## Calibration Plot: Self-P(True) vs. Self-SKT Confidence-Frequency Relationship
### Overview
This is a calibration plot (a type of line + bar chart) that compares the alignment between predicted confidence scores (x-axis) and observed frequency of correct predictions (y-axis) for two models: *Self-P(True)* and *Self-SKT*. A dashed black diagonal line represents perfect calibration, where predicted confidence exactly matches observed frequency.
### Components/Axes
- **X-axis**: Labeled *Confidence*, with a linear scale from 0.0 to 1.0, marked at intervals of 0.2 (0.0, 0.2, 0.4, 0.6, 0.8, 1.0).

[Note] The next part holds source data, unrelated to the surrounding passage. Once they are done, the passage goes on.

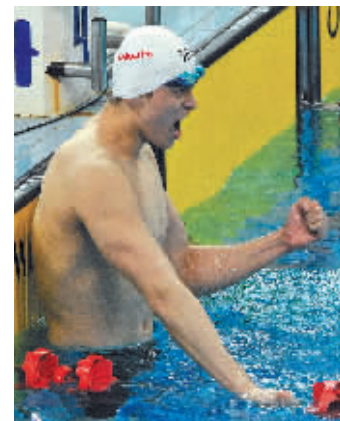
5月12日晚,浙江队选手孙杨庆祝夺冠。

据新华社青岛5月12日电(记者张旭东 苏斌)2014年全国游泳冠军赛暨亚运会选拔赛12日在青岛开赛,奥运冠军孙杨在率先进行的男子200米自由泳预赛赛中,取得了1分47秒69的预赛最好成绩。他在男子200米自由泳决赛中以1分46秒04夺冠,这个成绩可以排在今年世界第五,比韩国名将朴泰桓的今年最好成绩快了0.01秒。
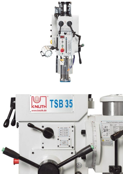
Schwenkbarer Bohrkopf und autom. Vorschub mit 3 Getriebestufen

Untergestell Schutzschild LED-Arbeitsleuchte Bohrfutter Bedienwerkzeug Betriebsanleitung
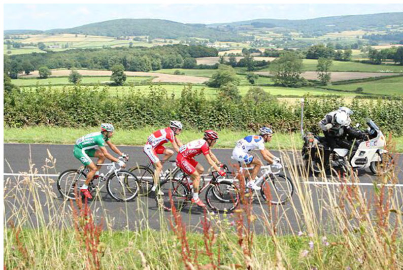
Sylvain Chavanel, Philippe Gilbert, Gianpaolo Cheula et William Bonnet lors d'une échappée sur les routes de l'Yonne

La ville de Tonnerre n'avait encore jamais accueilli le Tour de France. Ce sera donc une grande première. Le département de l'Yonne, en revanche, a souvent reçu les champions de la petite reine. À l'occasion du Tour, bien sûr mais aussi parce qu'il est idéalement situé sur la diagonale de Paris-Nice. Sens, Joigny, Avallon et Auxerre ont eu l'occasion de figurer sur le parcours de la première grande course à étapes de la saison. Le Tour de l'Avenir 2008 a, quant à lui, fait étape à Avallon et à Vézelay.
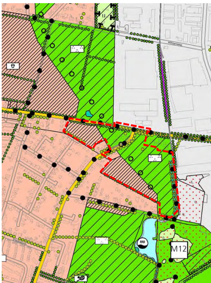
Abbildung 3: Ausschnitt aus dem Landschaftsplan 2020 der Stadt Norderstedt, ohne Maßstab, mit Kennzeichnung des Plangebietes (gestrichelte rote Linie)

Die Ziele des Landschaftsplanes 2020 werden durch das Planvorhaben dieses Bebauungsplanes umgesetzt.
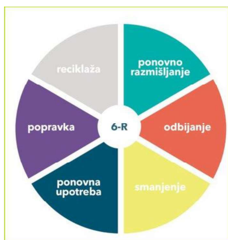
Slika br. 2: Prikaz 6-R koncepta cirkularne ekonomije
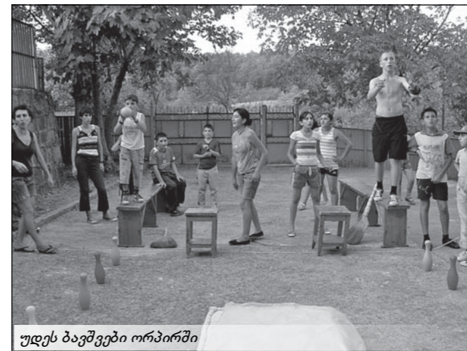
უღეს ბავშვები ორპირში
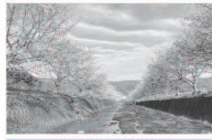
戸根川河川敷から
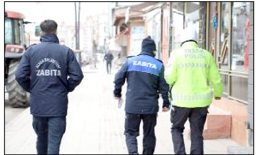
Ramazan Bayramı'ndan sonra tekrar kontrollerin yapılacağını belirten ekipler, kurallara uymayan iş yeri sahipleri ve vatandaşlara cezai işlem uygulanacağını aktardı.

Uygulamayla şehir içi ulaşımın daha güvenli ve düzenli hale getirilmesi hedefleniyor. (İHA)
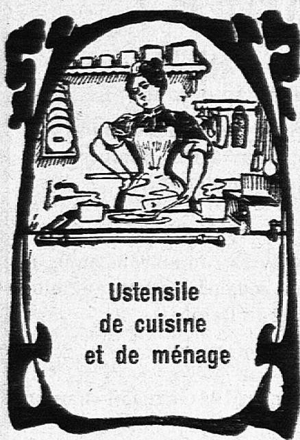
Ustensile de cuisine et de ménage

FRANCILLON & C ie RUE ST-FRANÇOIS, 5, ET PLACE DU PONT LAUSANNE
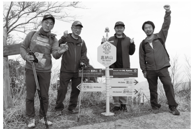
▲周防大島チャンネル「シマタビ」での登山の様子

また下山後には、名物みかん鍋や温浴施設等も合わせてお楽しみいただき、疲れた体をリフレッシュなさってください。
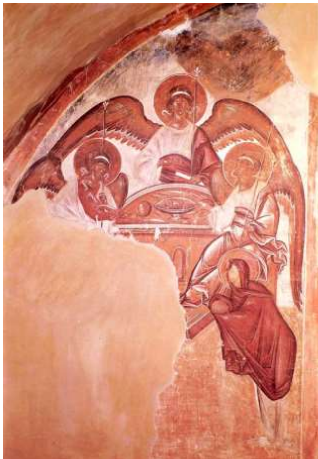
Феофан Грек. Икона. Явление Троицы Аврааму
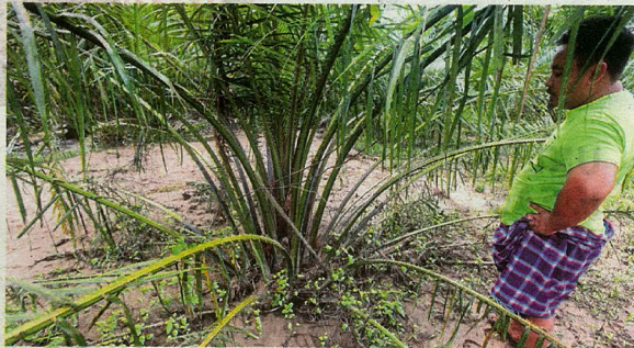
PENDUDUK melihat pokok sawit yang musnah akibat aktiviti perlombongan emas.

"Rumah saya berdekatan kawasan lombong, kira-kira 100 meter saja. Baru-baru ini musim hujan lebat habis tanaman saya ditenggelami lumpur akibat limpahan air Sungai Sai. Sepatutnya mereka (pemilik lombong) menimbus lombong mereka kembali, bukan biarkan," katanya.
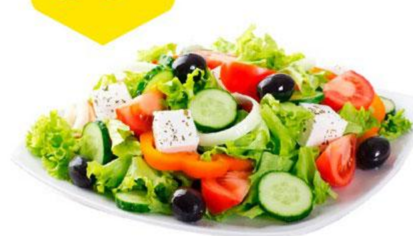
Салат Греческий, 100 г
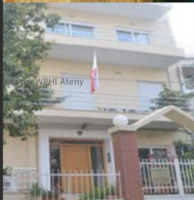
Wydział Promocji Handlu i Inwestycji w Atenach

- **Y-axis**: Labeled *Frequency*, with a linear scale from 0.0 to 1.0, marked at intervals of 0.2 (0.0, 0.2, 0.4, 0.6, 0.8, 1.0).
- **Legend**: Positioned top-left, with two entries:
1. Red line with circular markers: *Self-P(True)*
2. Blue line with circular markers: *Self-SKT*
- **Reference Line**: Dashed black diagonal line from (0.0, 0.0) to (1.0, 1.0), representing ideal perfect calibration.
- **Bar Elements**: Light blue bars (for *Self-SKT*) and light pink bars (for *Self-P(True)*) behind the lines, showing the distribution of confidence scores for each model.
### Detailed Analysis
#### Self-SKT (Blue Line, Light Blue Bars)
- **Trend**: The line starts at low confidence, rises to a plateau in the 0.2-0.4 confidence range, dips slightly at 0.6 confidence, then rises again to 1.0 confidence. It remains below the perfect calibration line for all confidence values.
- **Approximate Data Points**:
- Confidence 0.0: Frequency ~0.2
- Confidence 0.2: Frequency ~0.45
- Confidence 0.3: Frequency ~0.5
- Confidence 0.4: Frequency ~0.5
- Confidence 0.5: Frequency ~0.5
- Confidence 0.6: Frequency ~0.45
- Confidence 0.8: Frequency ~0.55
- Confidence 1.0: Frequency 0.8
- **Bar Distribution**: Light blue bars are tallest at confidence 0.0-0.2, decrease in height through mid-confidence, have a small bar at 0.6, and a tall bar at 1.0.
#### Self-P(True) (Red Line, Light Pink Bars)
- **Trend**: The line starts at 0.6 confidence, rises steeply to 0.7 confidence, then continues rising to 0.9 confidence. It is above the perfect calibration line for confidence values 0.7-0.9, and below it at 0.6 confidence.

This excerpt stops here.